STORED DATA Block Start

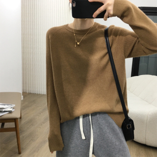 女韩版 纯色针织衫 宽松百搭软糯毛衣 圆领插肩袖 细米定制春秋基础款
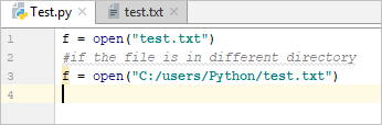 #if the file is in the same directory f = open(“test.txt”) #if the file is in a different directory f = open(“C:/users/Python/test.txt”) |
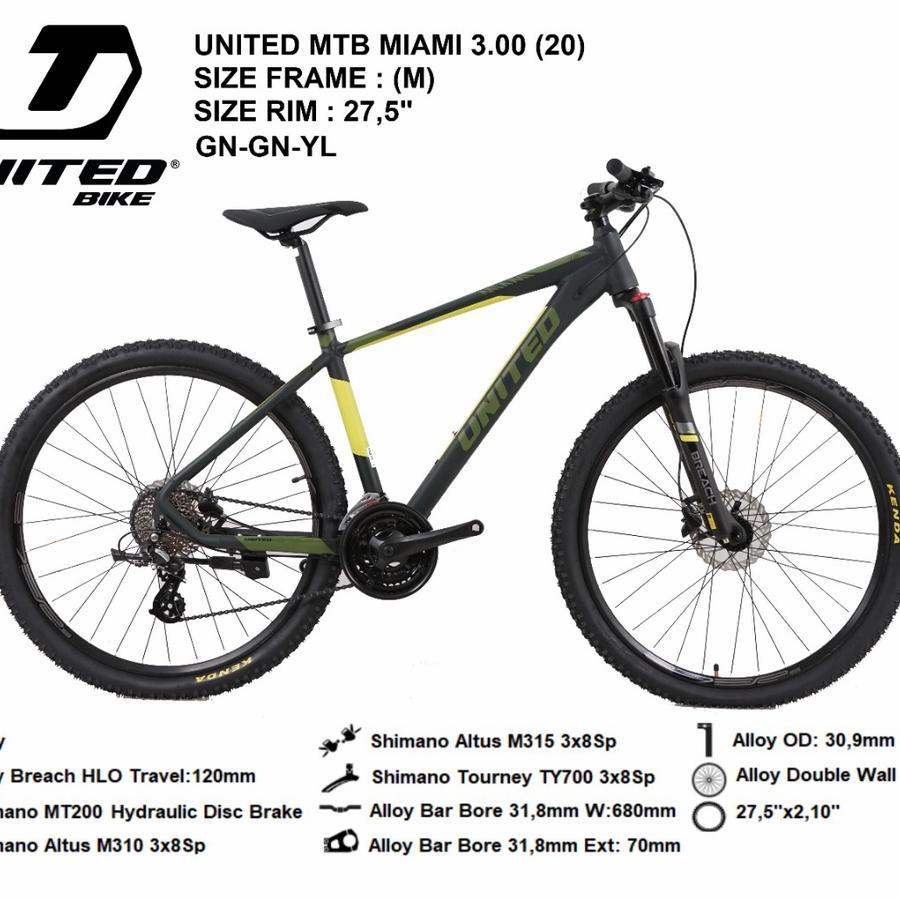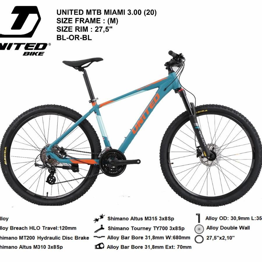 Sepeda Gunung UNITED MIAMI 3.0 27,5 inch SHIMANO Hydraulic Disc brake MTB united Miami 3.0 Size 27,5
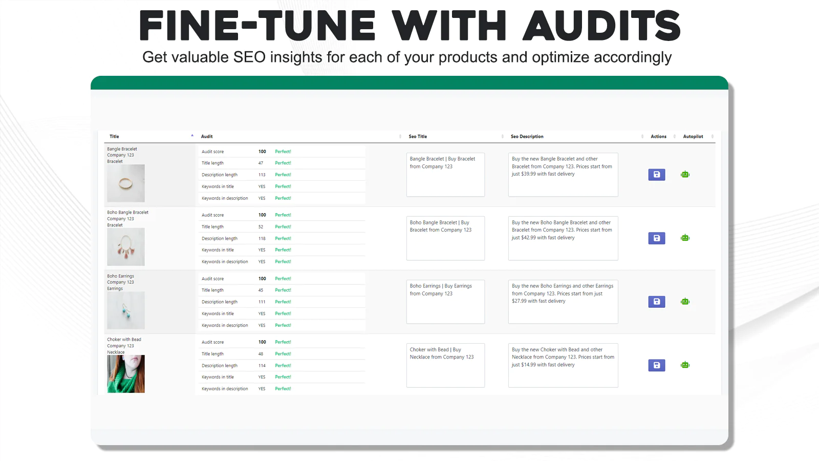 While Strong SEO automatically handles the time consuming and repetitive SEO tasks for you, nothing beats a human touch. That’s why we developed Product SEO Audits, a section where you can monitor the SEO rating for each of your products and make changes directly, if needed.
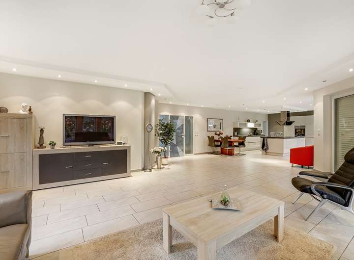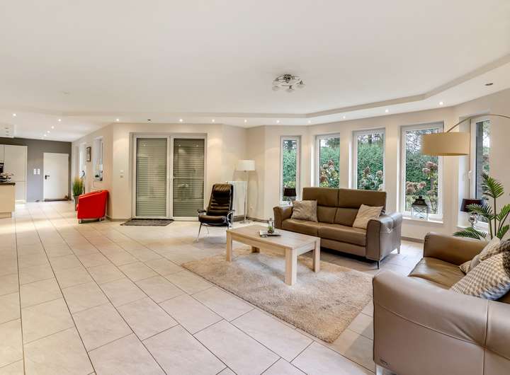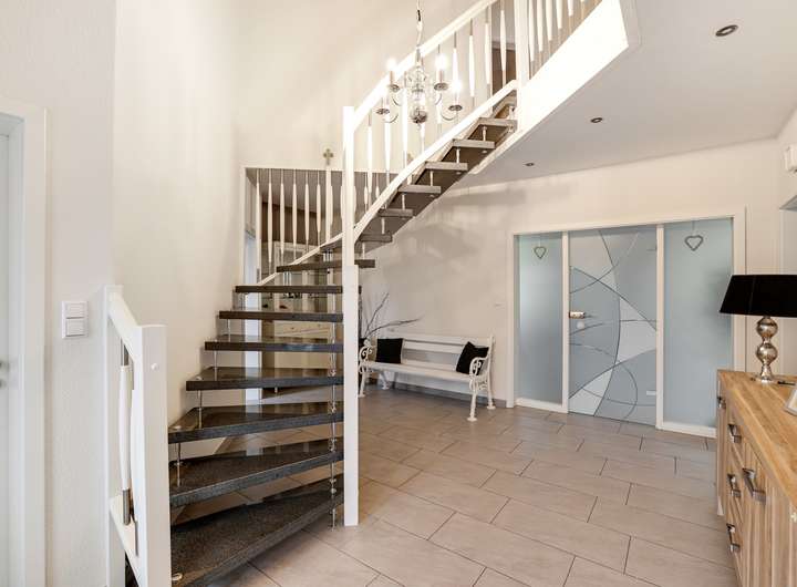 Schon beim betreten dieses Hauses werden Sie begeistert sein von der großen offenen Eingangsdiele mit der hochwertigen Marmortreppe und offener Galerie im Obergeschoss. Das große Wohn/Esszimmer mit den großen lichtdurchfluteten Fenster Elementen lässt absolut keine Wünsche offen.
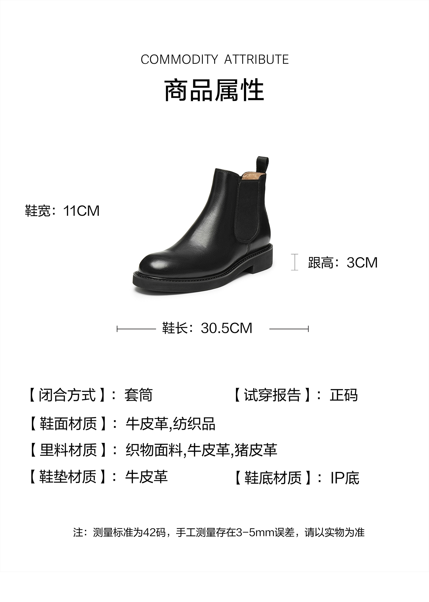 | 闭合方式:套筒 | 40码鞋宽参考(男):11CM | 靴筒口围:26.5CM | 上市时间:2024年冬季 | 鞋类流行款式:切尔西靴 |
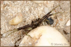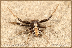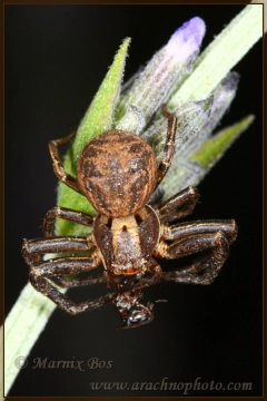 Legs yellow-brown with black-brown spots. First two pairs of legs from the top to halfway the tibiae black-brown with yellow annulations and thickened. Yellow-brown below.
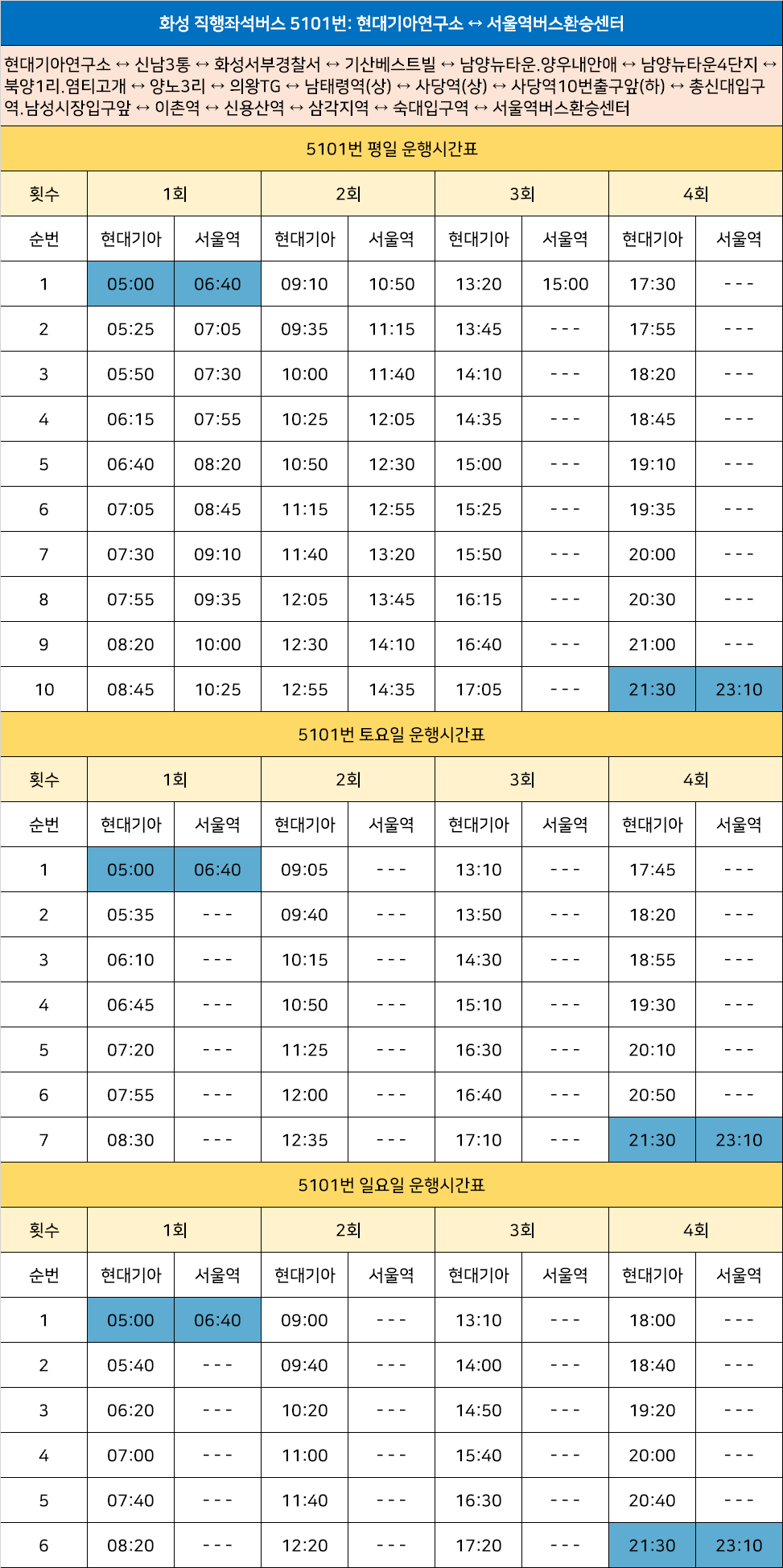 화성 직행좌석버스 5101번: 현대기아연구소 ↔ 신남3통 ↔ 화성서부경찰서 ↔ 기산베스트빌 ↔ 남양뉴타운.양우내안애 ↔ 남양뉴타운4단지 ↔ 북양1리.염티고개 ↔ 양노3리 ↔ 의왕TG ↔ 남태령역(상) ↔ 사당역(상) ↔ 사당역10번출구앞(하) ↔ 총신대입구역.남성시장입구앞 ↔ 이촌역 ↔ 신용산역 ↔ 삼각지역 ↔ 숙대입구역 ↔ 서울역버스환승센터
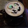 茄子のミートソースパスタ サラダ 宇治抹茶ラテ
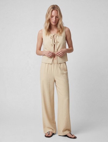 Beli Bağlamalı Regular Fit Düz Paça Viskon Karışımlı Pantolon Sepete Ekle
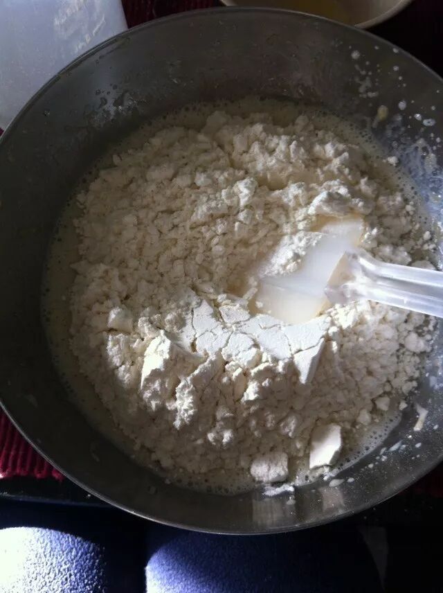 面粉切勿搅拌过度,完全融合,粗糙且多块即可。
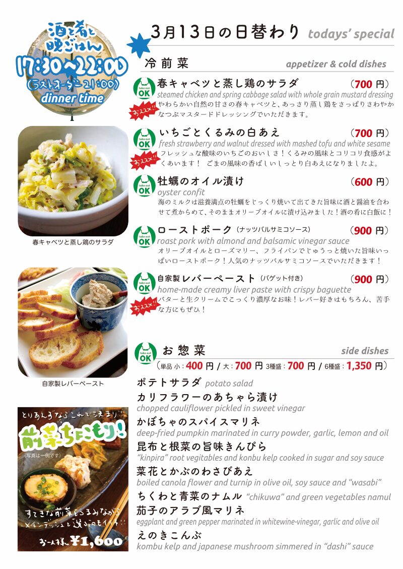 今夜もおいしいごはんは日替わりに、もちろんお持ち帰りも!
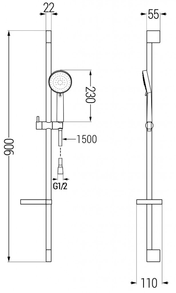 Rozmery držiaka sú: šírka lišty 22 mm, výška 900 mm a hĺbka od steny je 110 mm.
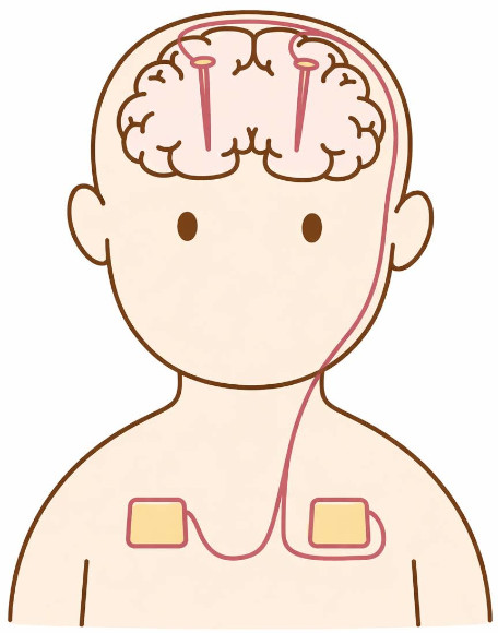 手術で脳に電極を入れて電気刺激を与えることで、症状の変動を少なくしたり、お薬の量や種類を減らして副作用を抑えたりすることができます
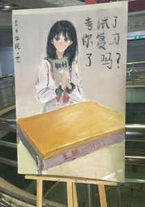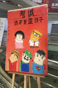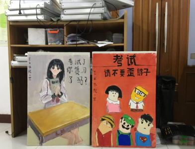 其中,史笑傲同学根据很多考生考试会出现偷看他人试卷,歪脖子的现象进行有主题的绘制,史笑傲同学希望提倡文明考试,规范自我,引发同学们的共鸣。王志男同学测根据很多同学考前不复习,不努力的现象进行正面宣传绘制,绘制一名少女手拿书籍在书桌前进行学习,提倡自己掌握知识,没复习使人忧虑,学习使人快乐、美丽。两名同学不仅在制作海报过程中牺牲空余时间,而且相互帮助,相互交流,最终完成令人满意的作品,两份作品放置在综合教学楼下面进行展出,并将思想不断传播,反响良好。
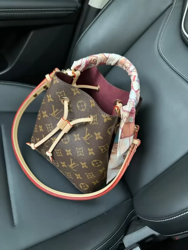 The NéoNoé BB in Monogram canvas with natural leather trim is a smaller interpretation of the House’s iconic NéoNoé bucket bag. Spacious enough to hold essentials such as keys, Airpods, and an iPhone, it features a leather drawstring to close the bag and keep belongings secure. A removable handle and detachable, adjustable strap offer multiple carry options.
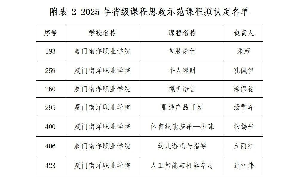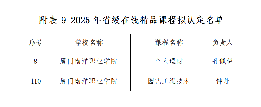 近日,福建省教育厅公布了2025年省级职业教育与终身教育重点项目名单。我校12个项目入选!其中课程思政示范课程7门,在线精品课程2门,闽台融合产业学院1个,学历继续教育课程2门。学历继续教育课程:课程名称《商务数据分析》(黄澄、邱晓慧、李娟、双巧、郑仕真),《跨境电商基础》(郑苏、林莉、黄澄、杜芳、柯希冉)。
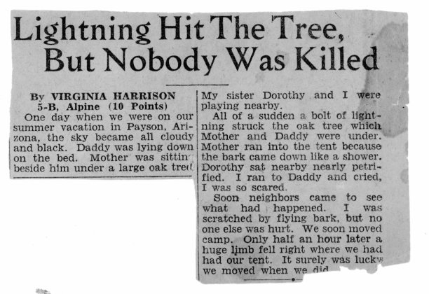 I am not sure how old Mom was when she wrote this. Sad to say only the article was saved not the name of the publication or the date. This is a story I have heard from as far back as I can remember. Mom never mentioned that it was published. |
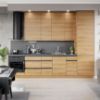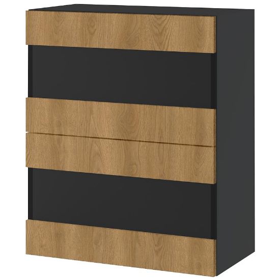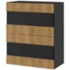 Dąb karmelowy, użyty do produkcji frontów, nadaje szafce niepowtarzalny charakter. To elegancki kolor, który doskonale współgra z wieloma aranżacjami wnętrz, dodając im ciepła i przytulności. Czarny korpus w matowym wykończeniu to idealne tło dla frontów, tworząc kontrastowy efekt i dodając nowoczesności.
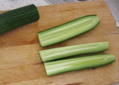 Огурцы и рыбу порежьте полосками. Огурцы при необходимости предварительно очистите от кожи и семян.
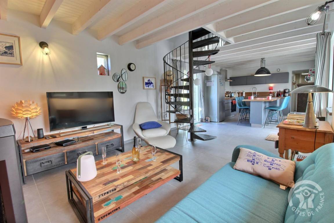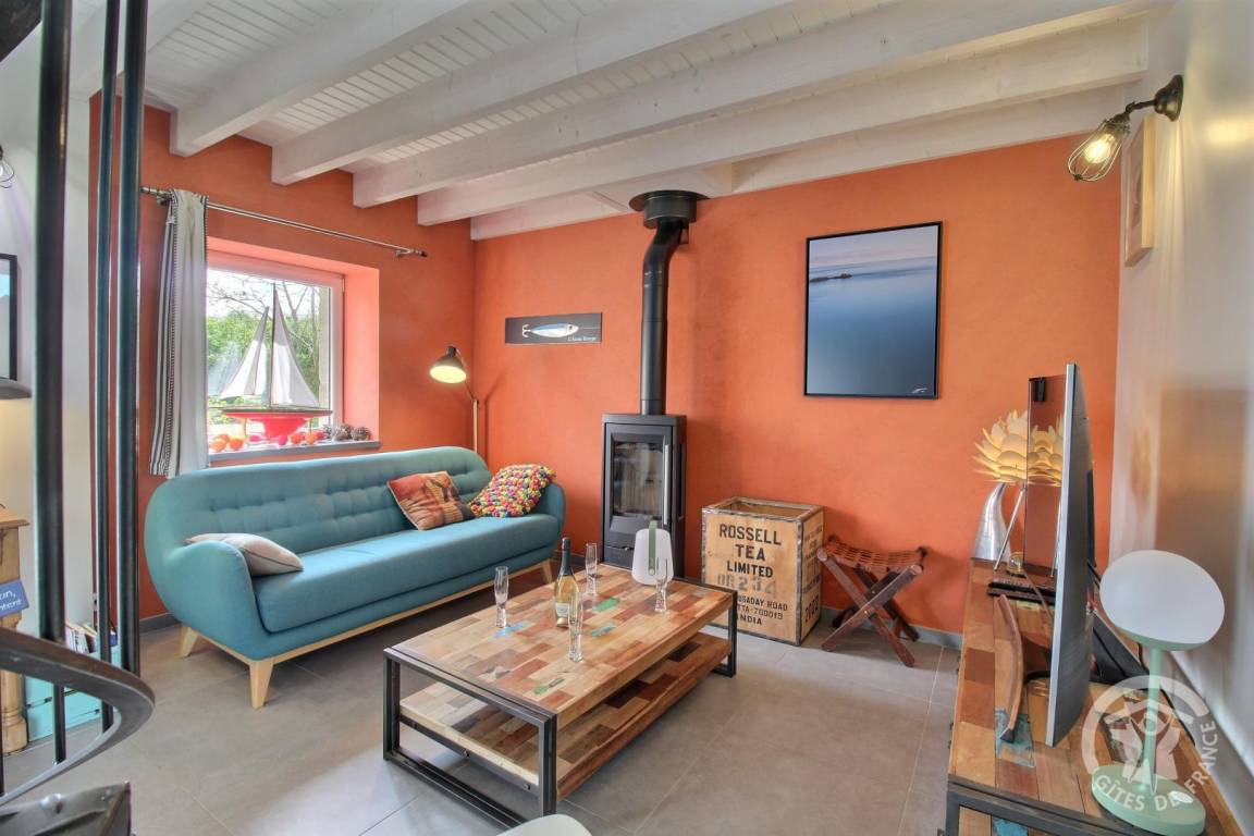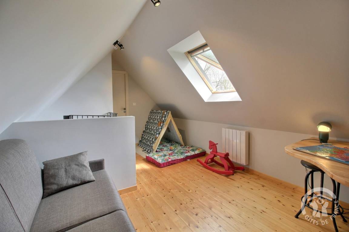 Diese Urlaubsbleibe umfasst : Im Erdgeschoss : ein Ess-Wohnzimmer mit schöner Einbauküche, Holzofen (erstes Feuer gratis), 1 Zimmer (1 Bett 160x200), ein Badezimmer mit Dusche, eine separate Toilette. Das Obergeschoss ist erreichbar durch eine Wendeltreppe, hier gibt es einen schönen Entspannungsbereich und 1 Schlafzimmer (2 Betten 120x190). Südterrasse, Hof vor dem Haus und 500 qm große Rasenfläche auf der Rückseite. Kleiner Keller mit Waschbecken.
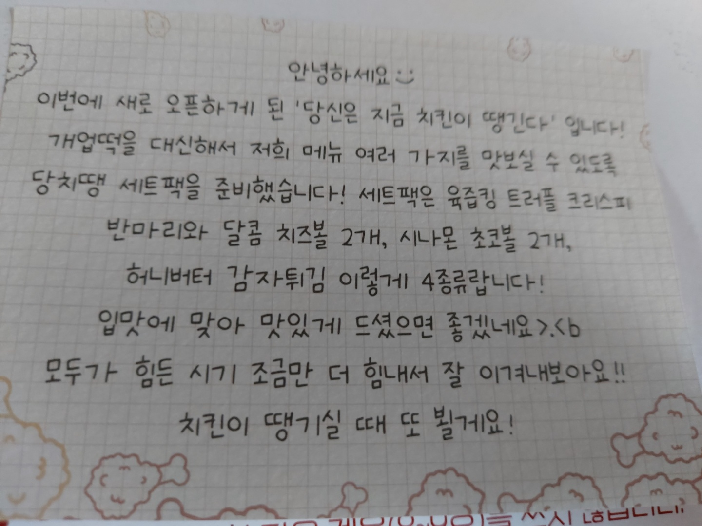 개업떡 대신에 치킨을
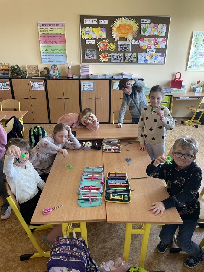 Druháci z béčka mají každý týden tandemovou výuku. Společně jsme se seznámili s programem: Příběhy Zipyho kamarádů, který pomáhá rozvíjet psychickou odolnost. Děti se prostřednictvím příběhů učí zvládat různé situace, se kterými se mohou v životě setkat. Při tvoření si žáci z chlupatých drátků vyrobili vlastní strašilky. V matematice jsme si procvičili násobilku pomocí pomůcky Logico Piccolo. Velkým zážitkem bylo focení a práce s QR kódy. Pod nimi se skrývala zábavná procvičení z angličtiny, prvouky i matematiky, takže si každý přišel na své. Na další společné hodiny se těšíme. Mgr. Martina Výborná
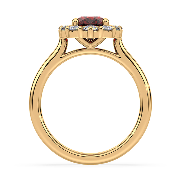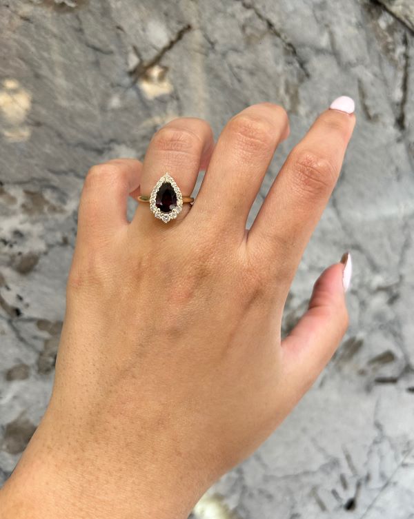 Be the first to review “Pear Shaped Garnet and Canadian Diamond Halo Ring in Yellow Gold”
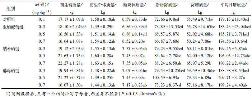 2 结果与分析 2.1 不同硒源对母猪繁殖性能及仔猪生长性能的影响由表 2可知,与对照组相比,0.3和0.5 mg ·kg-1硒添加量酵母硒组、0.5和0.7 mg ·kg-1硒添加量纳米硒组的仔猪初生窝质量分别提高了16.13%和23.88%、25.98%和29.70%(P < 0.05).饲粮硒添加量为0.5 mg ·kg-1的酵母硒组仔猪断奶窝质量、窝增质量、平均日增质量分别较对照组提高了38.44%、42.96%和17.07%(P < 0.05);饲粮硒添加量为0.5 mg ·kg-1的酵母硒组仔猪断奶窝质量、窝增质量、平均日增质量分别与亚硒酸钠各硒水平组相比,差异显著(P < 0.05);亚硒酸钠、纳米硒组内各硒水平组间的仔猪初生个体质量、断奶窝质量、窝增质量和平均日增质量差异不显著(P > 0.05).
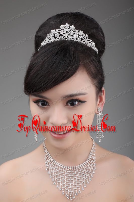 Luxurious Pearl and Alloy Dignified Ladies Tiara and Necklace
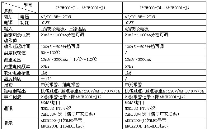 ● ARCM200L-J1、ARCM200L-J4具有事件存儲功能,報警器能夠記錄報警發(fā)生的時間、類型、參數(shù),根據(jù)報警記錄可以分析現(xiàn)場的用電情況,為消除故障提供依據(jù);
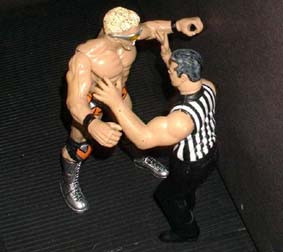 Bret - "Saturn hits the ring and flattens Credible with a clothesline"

STORED DATA Block End

■ WORK TO COMPLETE:
Every line from the first line of the entries above through the line with "#if the file is in the" must be repeated exactly, and pictures must not be.

■ YOUR SOLUTION:
 女韩版 纯色针织衫 宽松百搭软糯毛衣 圆领插肩袖 细米定制春秋基础款
 #if the file is in the same directory f = open(“test.txt”) #if the file is in a different directory f = open(“C:/users/Python/test.txt”) |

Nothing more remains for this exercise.